* _REQUIRED WORK_: Below are records with pictures. Transcribe exactly, and only, the lines from the line with "About Material &" to the line with "Naissance : 1666", both ends included, but not the pictures.

(Collected data)

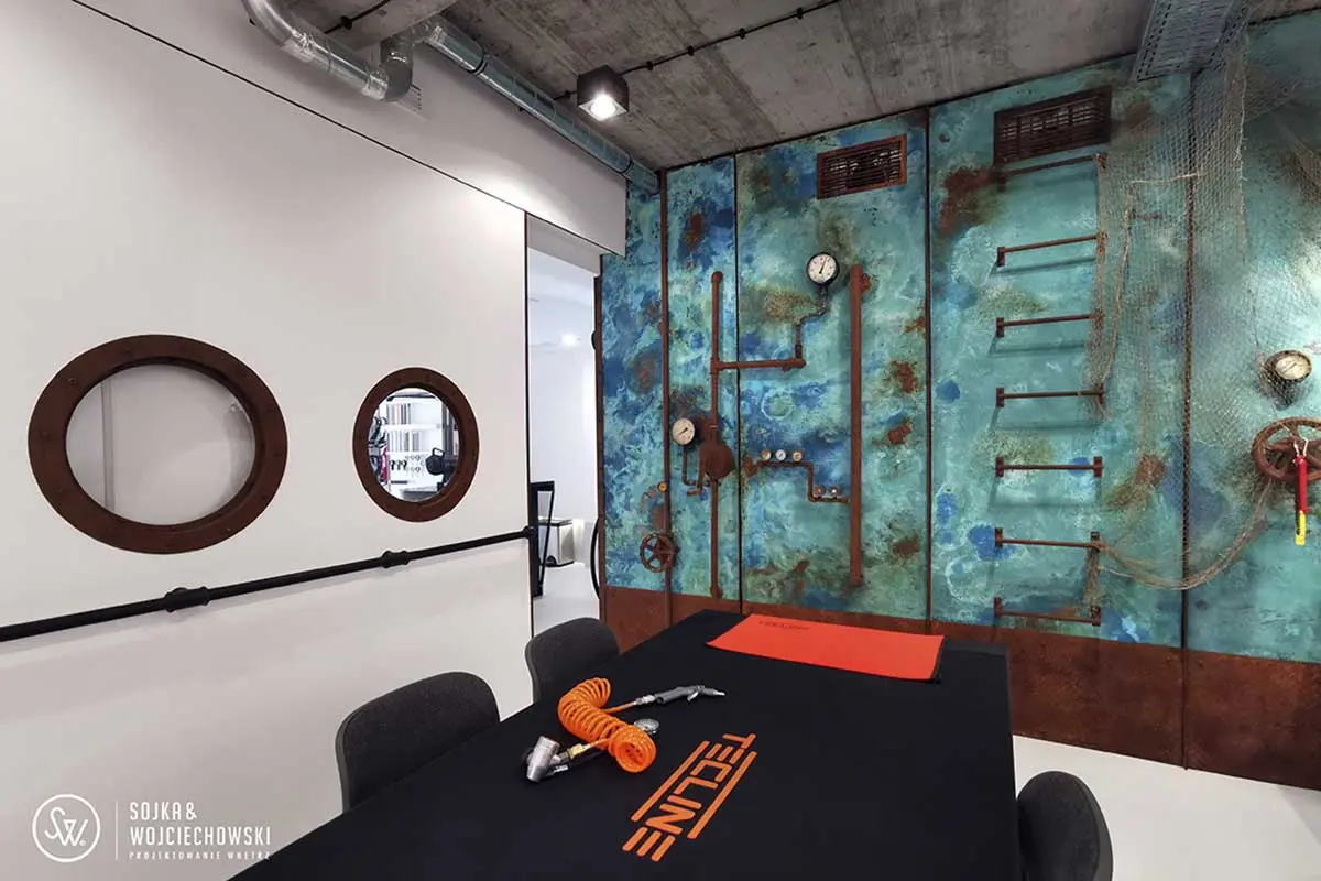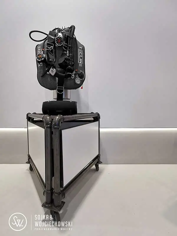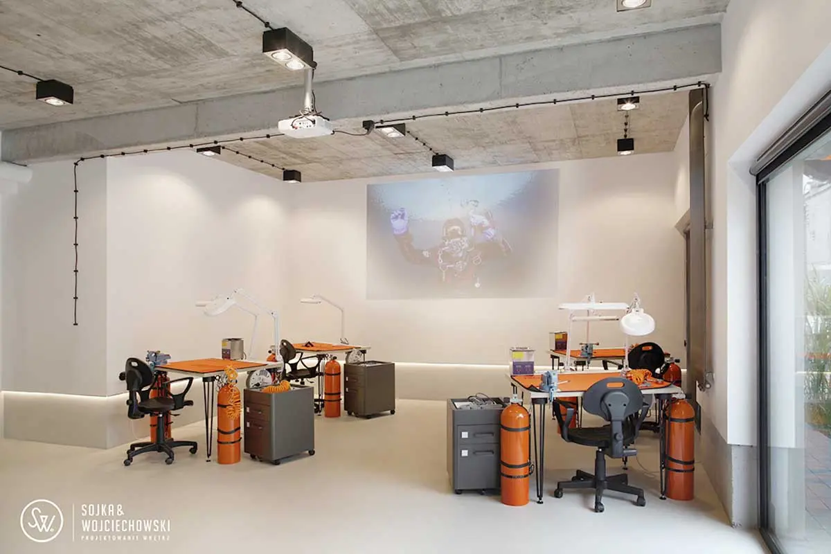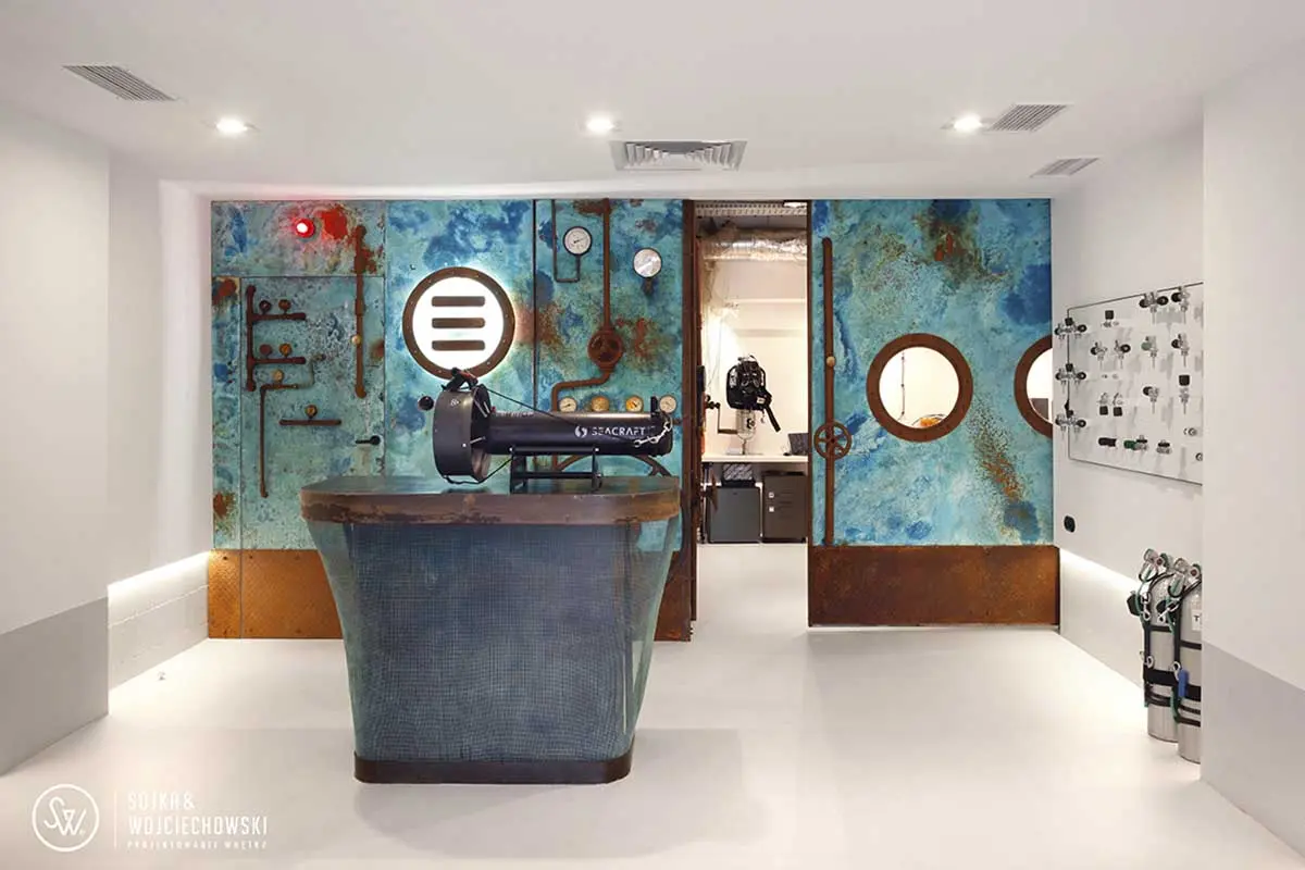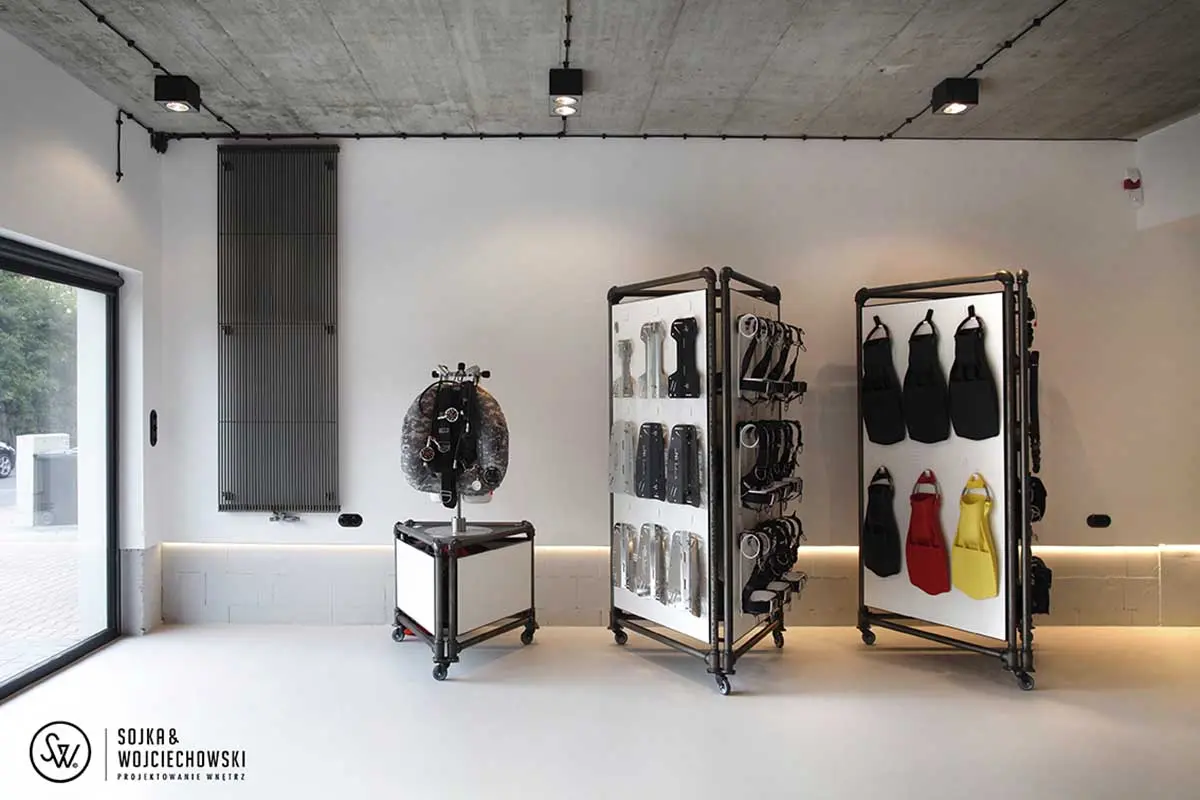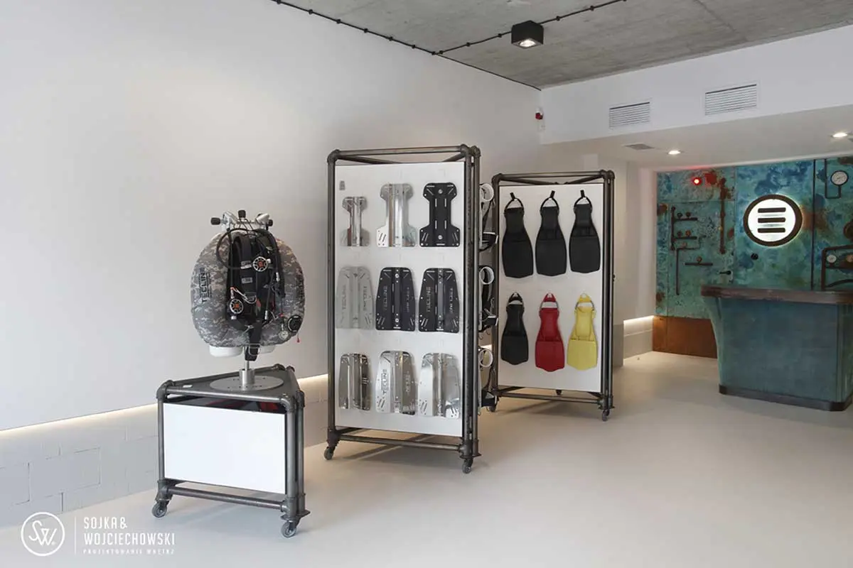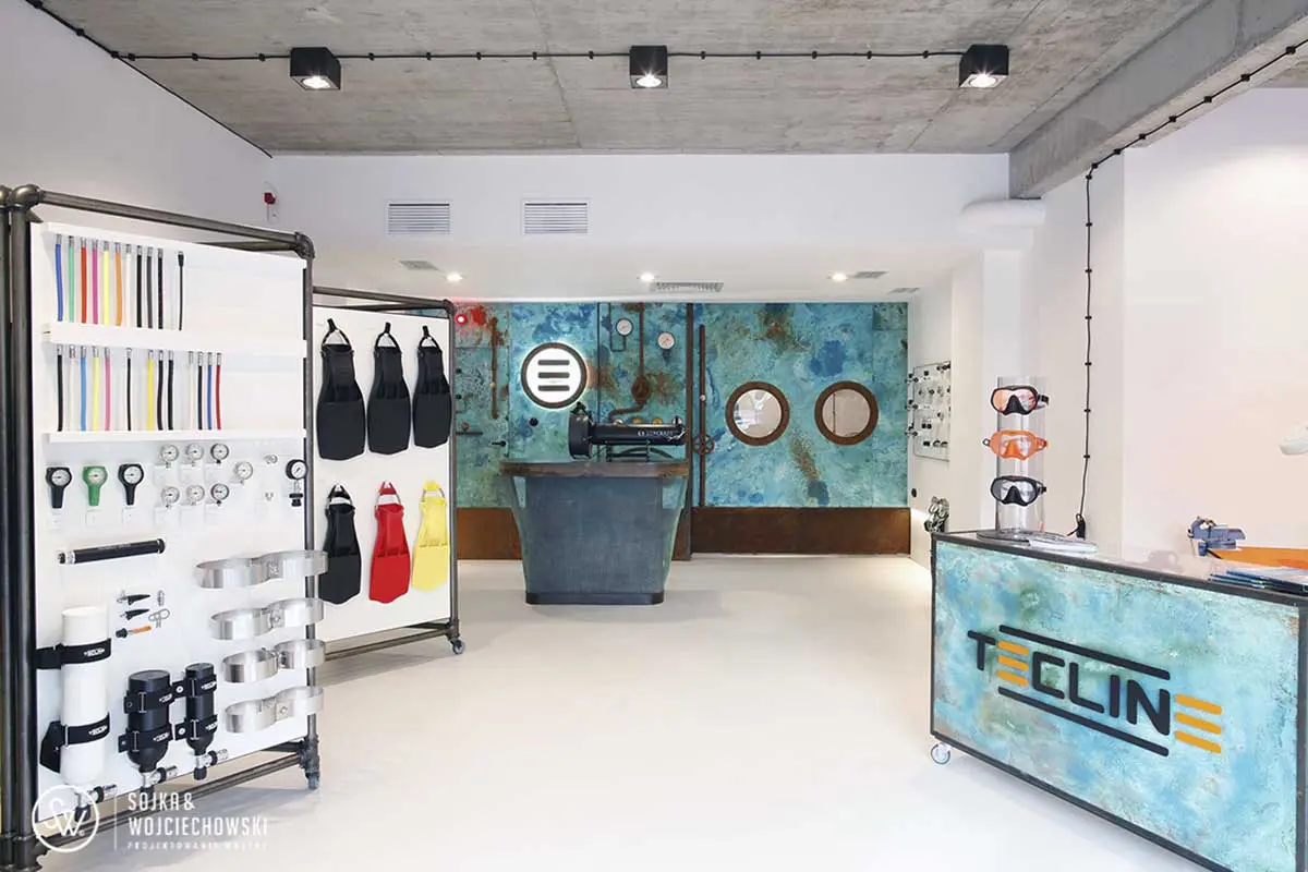 Tym razem utalentowany zespół architektów Sojka & Wojciechowski podjął się aranżacji dość nietypowego wnętrza Tecline. Firma, zatrudnia wysokiej klasy specjalistów, którzy opracowują na jej zlecenie każdy element niezbędny do profesjonalnego nurkowania, zaczynając od płetw i masek na zaworach, manometrach, a nawet bojkach nurkowych kończąc. Ich asortyment jest ogromny. Miejsce, które chcieli stworzyć nie miało być w żadnym razie sklepem, raczej przestrzenią do prezentacji produktów, ale również prowadzenia szkoleń.
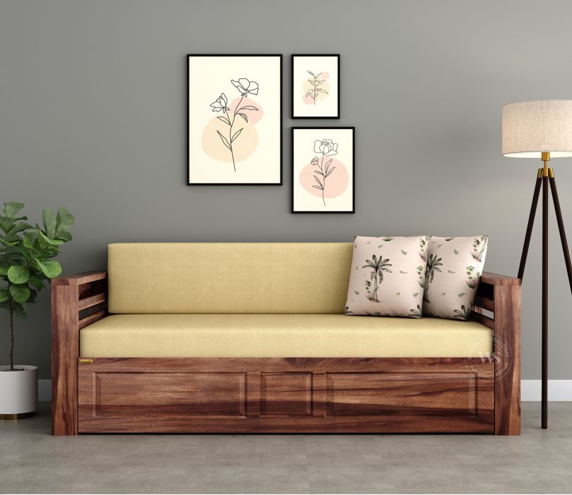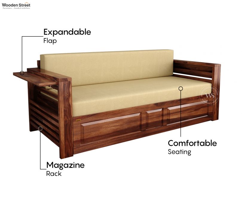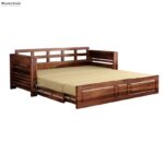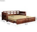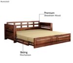 About Material & Finish: Made and crafted with high-quality Sheesham wood, this bed cum sofa is sturdy in nature and offers long-lasting durability. It is firm and also has an armrest in the same product and one more finish option that is available in this Feltro Bed Cum Sofa is a honey finish, making your space look luxurious..
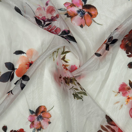 -10% offOff White Floral Digital Print Organza Satin Fabric Off White Floral Digital Print Organza Satin Fabric
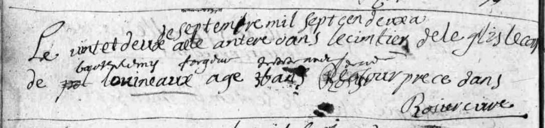 Naissance : 1666 Décès : 22 septembre 1702 à Les Sables-d'Olonne 85180
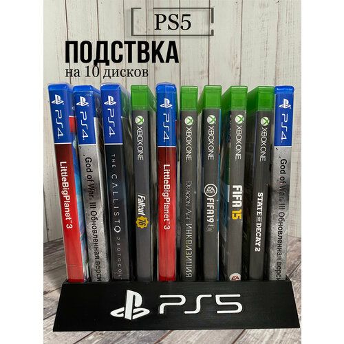 Подставка для дисков. PS4, PS5 открытая. Для вертикального хранения. Во избежание замятия обложки диска, рекомендуем задвигать диск с открытой стороны.
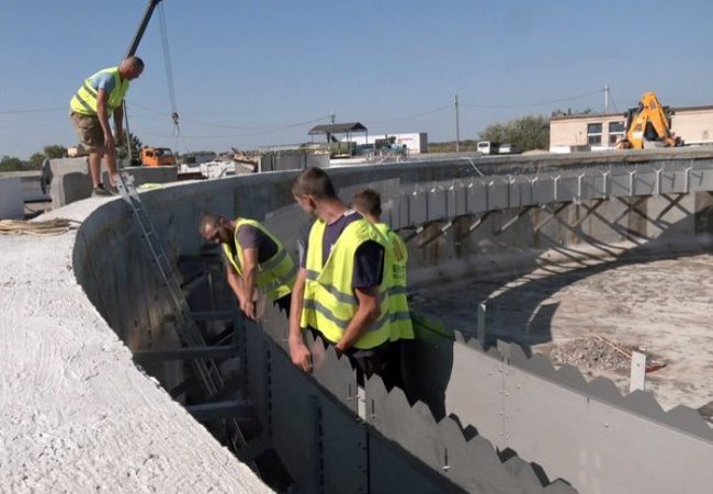 У первинному радіальному відстійнику вода буде освітлюватися, тобто очищатися, шляхом відстоювання, розповів робітник Дмитро Прилепа. Зі слів монтажника, все елементи на об'єкті працівники закріплюють переважно ручним способом.
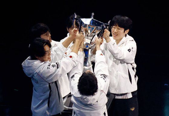 T1이 2일(현지시간) 영국 런던 O2 아레나에서 열린 롤드컵 결승전에서 LPL(중국) 1시드 비리비리 게이밍(BLG)을 상대로 세트 스코어 3대2로 꺾고 5번째 우승을 거머쥐었다. AFP=연합뉴스 |
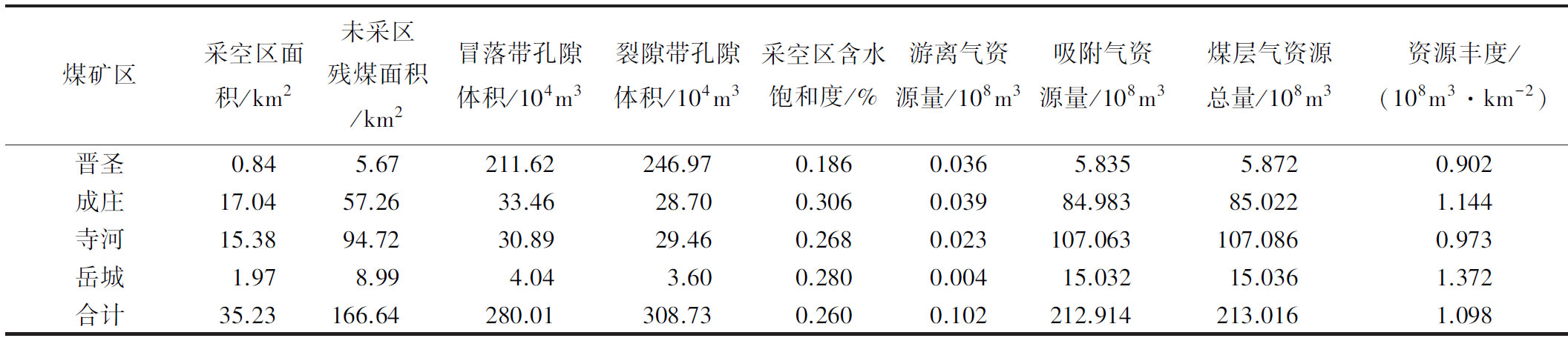 煤矿区采空区面积/km2未采区残煤面积/km2冒落带孔隙体积/104m3裂隙带孔隙体积/104m3采空区含水饱和度/%游离气资源量/108m3吸附气资源量/108m3煤层气资源总量/108m3资源丰度/(108m3·km-2)晋圣0.845.67211.62246.970.1860.0365.8355.8720.902成庄17.0457.2633.4628.700.3060.03984.98385.0221.144寺河15.3894.7230.8929.460.2680.023107.063107.0860.973岳城1.978.994.043.600.2800.00415.03215.0361.372合计35.23166.64280.01308.730.2600.102212.914213.0161.098

* _EXERCISE RESULT_:
 About Material & Finish: Made and crafted with high-quality Sheesham wood, this bed cum sofa is sturdy in nature and offers long-lasting durability. It is firm and also has an armrest in the same product and one more finish option that is available in this Feltro Bed Cum Sofa is a honey finish, making your space look luxurious..
 -10% offOff White Floral Digital Print Organza Satin Fabric Off White Floral Digital Print Organza Satin Fabric
 Naissance : 1666 Décès : 22 septembre 1702 à Les Sables-d'Olonne 85180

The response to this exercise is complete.